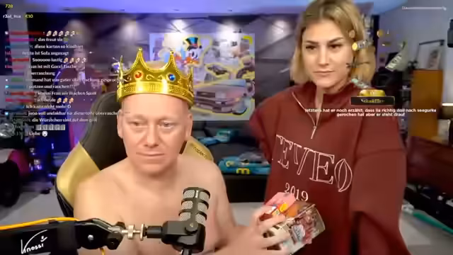 00:12:28Der Stream beginnt mit herzlichen Willkommen-Botschaften, aber der Streamer stößt auf ein Problem: Er ist oberkörperfrei und zweifelt an der Angemessenheit. Eine Umfrage im Chat soll entscheiden, ob er sich anziehen oder nicht. Nach anfänglichem Zögern und Hin und Her entscheidet er sich, sich anzuziehen. Er beschreibt das Gefühl, wieder live zu sein, als erfüllten Traum und ermutigt die Zuschauer, selbst zu streamen, um dieses Gefühl zu erleben.
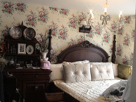 一般來(lái)說(shuō),臥室裝飾偏向于女主人的喜好,王女士是個(gè)干練的職業(yè)女性,居家裝飾也體現(xiàn)一種豪放與大氣。她家的臥室三面墻貼的是棕色有暗花的墻紙,床對(duì)面的北京墻是一整面墻那么大的百合花圖案?;ㄐ镜念伾c其它墻體顏色一致,整體感覺(jué)大氣浪漫,而又布滿藝術(shù)之感。
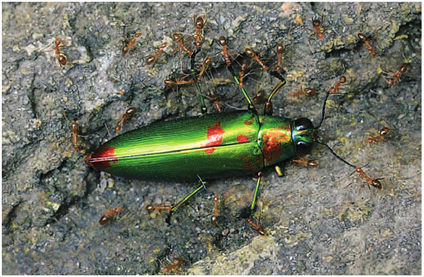 - Kamufláž – barva a vzory pomáhají broukům splynout s prostředím nebo mást predátory.
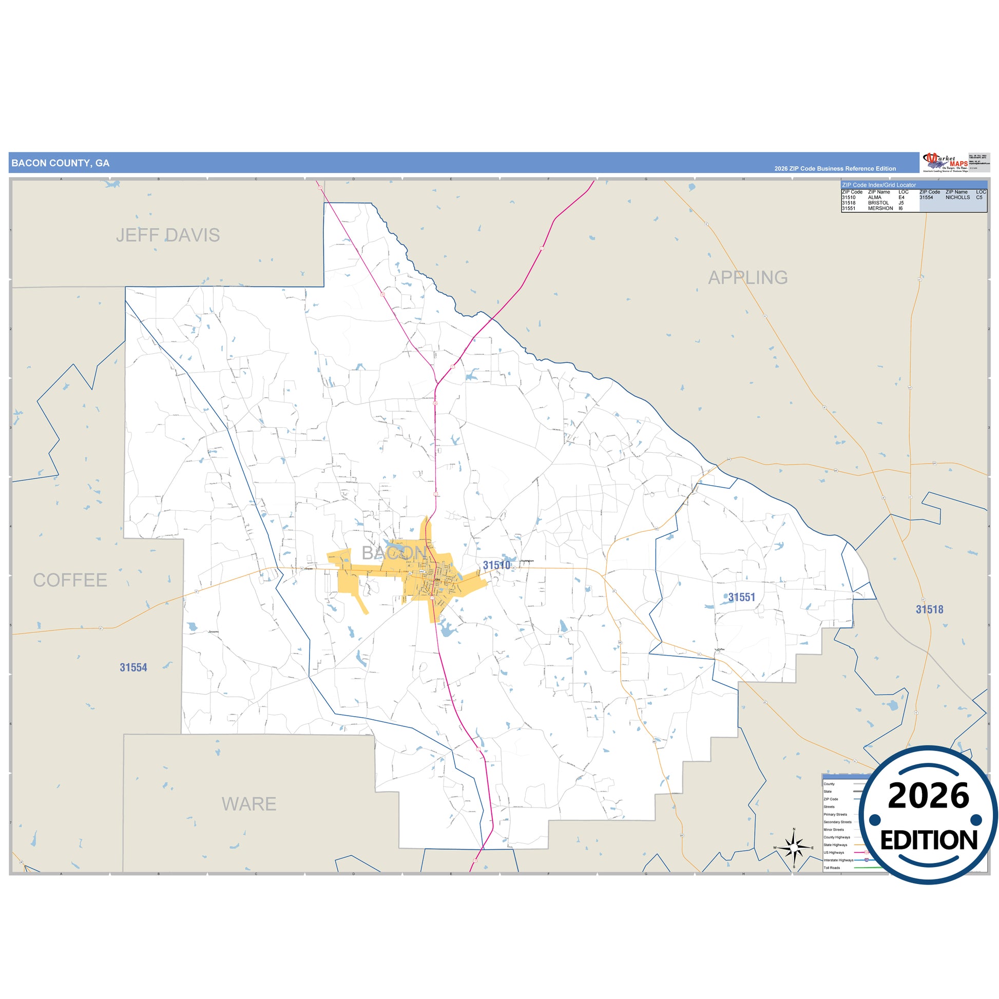 The Business Reference Style Bacon County, GA is a detailed map that includes all towns, cities, major roadways, and highways. Available in multiple wall map sizes, perfect for home, school, office, or business display.
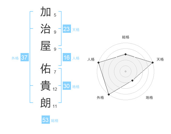 加治屋 佑貴朗さんの総格は53画の3点!
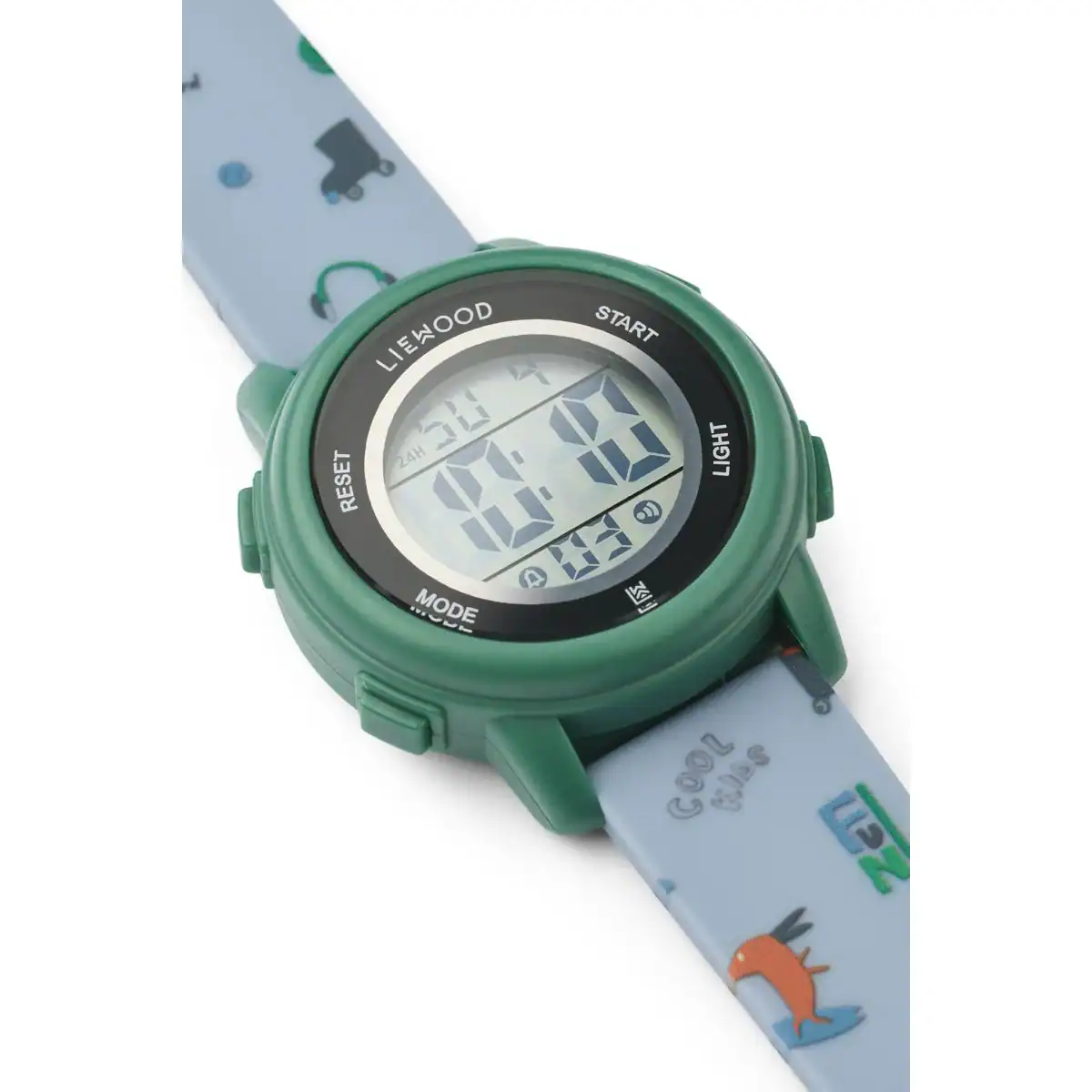 O vibrante relógio de pulso com um design divertido com padrões coloridos e uma pulseira de silicone resistente, perfeito para as aventuras do dia a dia. O visor digital de fácil leitura ajuda a criança a ver as horas com facilidade.

> Exercise prompt
How would the lines above read from the one with "- Kamufláž –" to the one with "加治屋 佑貴朗さんの総格は53画の3点!", inclusive, with no pictures? Write them out exactly.

> Expected output
 - Kamufláž – barva a vzory pomáhají broukům splynout s prostředím nebo mást predátory.
 The Business Reference Style Bacon County, GA is a detailed map that includes all towns, cities, major roadways, and highways. Available in multiple wall map sizes, perfect for home, school, office, or business display.
 加治屋 佑貴朗さんの総格は53画の3点!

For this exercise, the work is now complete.